- **ACTIVITY**
All lines from the one holding "The probability distribution" to the end of the listing are to be output exactly, both ends included, with any pictures left out.

- **COLLECTED DATA**

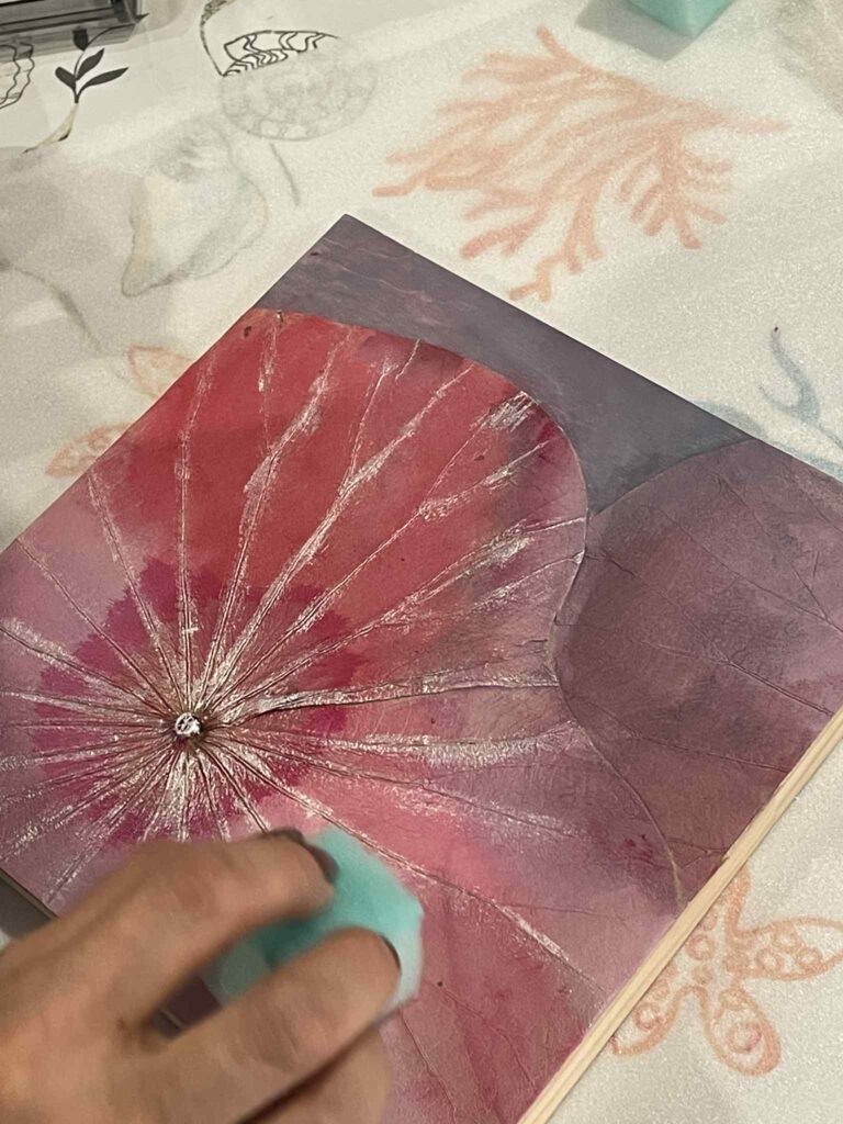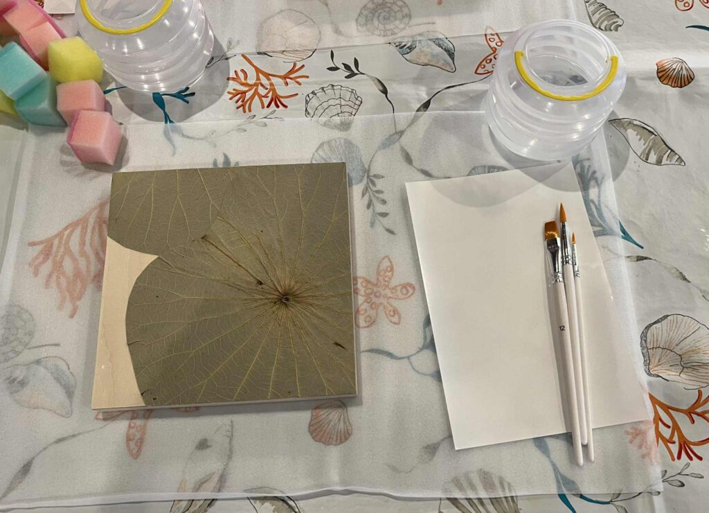 ボタニーペインティングは、本物の蓮の葉のプレートに色を付けていくアート。
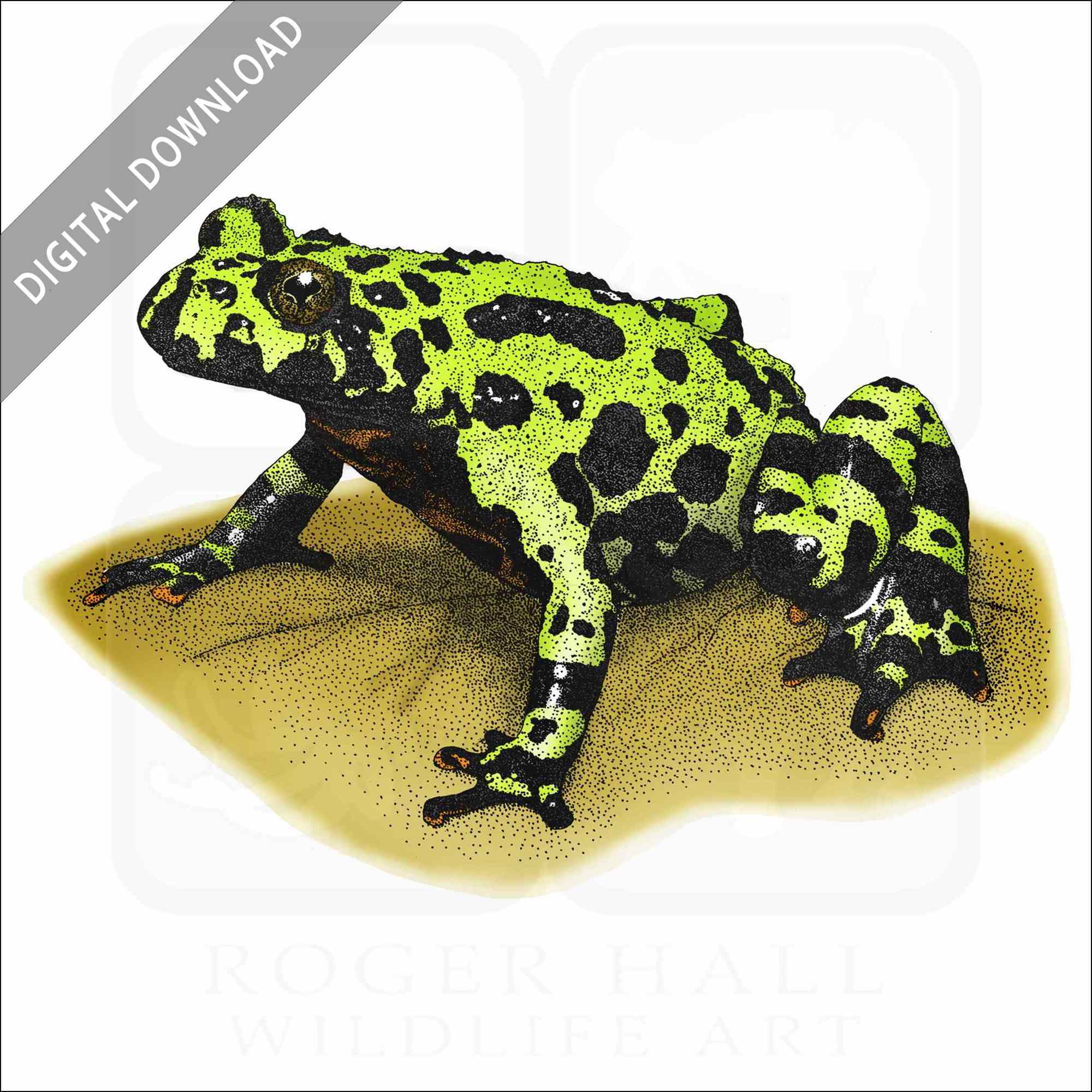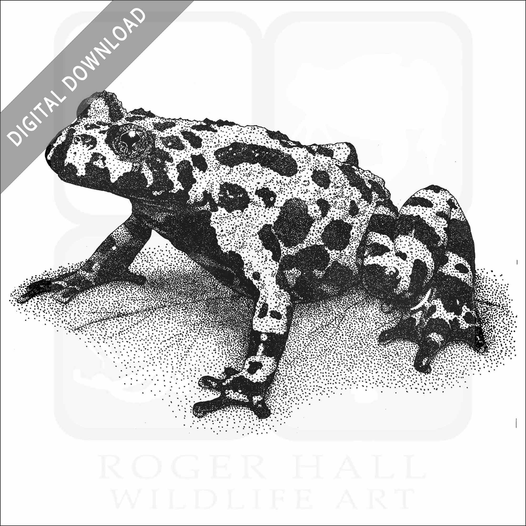 Stock art illustration of a Fire-Bellied Toad (Bombina orientalis.) The illustration is available in black and white or color for immediate download.
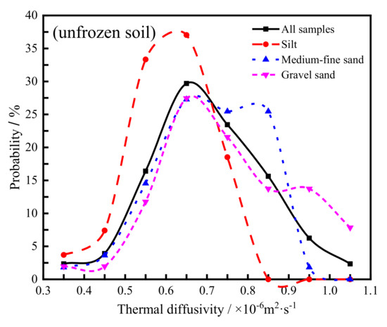 The probability distribution of thermal diffusivity of frozen and unfrozen soil with different particle sizes is given in Figure 6 and Figure 7. It can be seen that the distribution characteristics of frozen and unfrozen soils are similar. The main distribution interval of thermal diffusivity is distributed in the order of silt, medium-fine sand, and gravel sand, while the corresponding main distribution interval values increase sequentially. In order to facilitate comparison and analysis, the average thermal diffusivity coefficients of the frozen and unfrozen soils of various sandy soils are calculated. The average thermal diffusivity coefficients of silty sand, medium-fine sand, and gravel sand unfrozen soil were 0.615 × 10−6, 0.706 × 10−6, and 0.746 × 10−6 m2/s, respectively. The average values of the thermal diffusivity of frozen soil were 1.117 × 10−6, 1.220 × 10−6, and 1.222 × 10−6 m2/s, respectively. It can be shown that the thermal diffusivity of sandy soil is positively correlated with the particle size. With the increase of sand size, thermal diffusivity of sandy soil increases significantly.
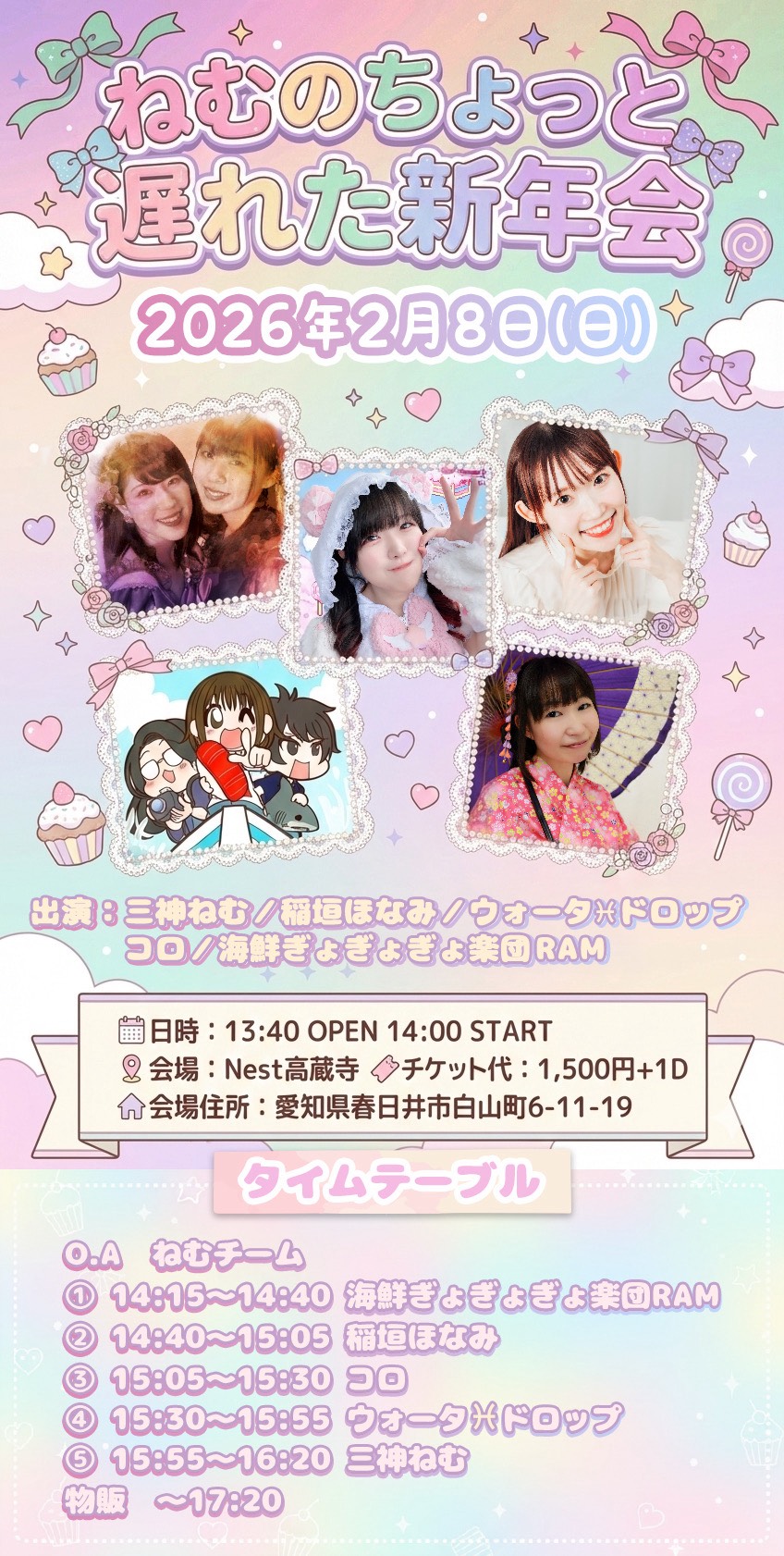 三神ねむ/ウォータ♓ドロップ/稲垣ほなみ/コロ/海鮮ぎょぎょぎょ楽団RAM

- **RESULT OF THIS TASK**
 The probability distribution of thermal diffusivity of frozen and unfrozen soil with different particle sizes is given in Figure 6 and Figure 7. It can be seen that the distribution characteristics of frozen and unfrozen soils are similar. The main distribution interval of thermal diffusivity is distributed in the order of silt, medium-fine sand, and gravel sand, while the corresponding main distribution interval values increase sequentially. In order to facilitate comparison and analysis, the average thermal diffusivity coefficients of the frozen and unfrozen soils of various sandy soils are calculated. The average thermal diffusivity coefficients of silty sand, medium-fine sand, and gravel sand unfrozen soil were 0.615 × 10−6, 0.706 × 10−6, and 0.746 × 10−6 m2/s, respectively. The average values of the thermal diffusivity of frozen soil were 1.117 × 10−6, 1.220 × 10−6, and 1.222 × 10−6 m2/s, respectively. It can be shown that the thermal diffusivity of sandy soil is positively correlated with the particle size. With the increase of sand size, thermal diffusivity of sandy soil increases significantly.
 三神ねむ/ウォータ♓ドロップ/稲垣ほなみ/コロ/海鮮ぎょぎょぎょ楽団RAM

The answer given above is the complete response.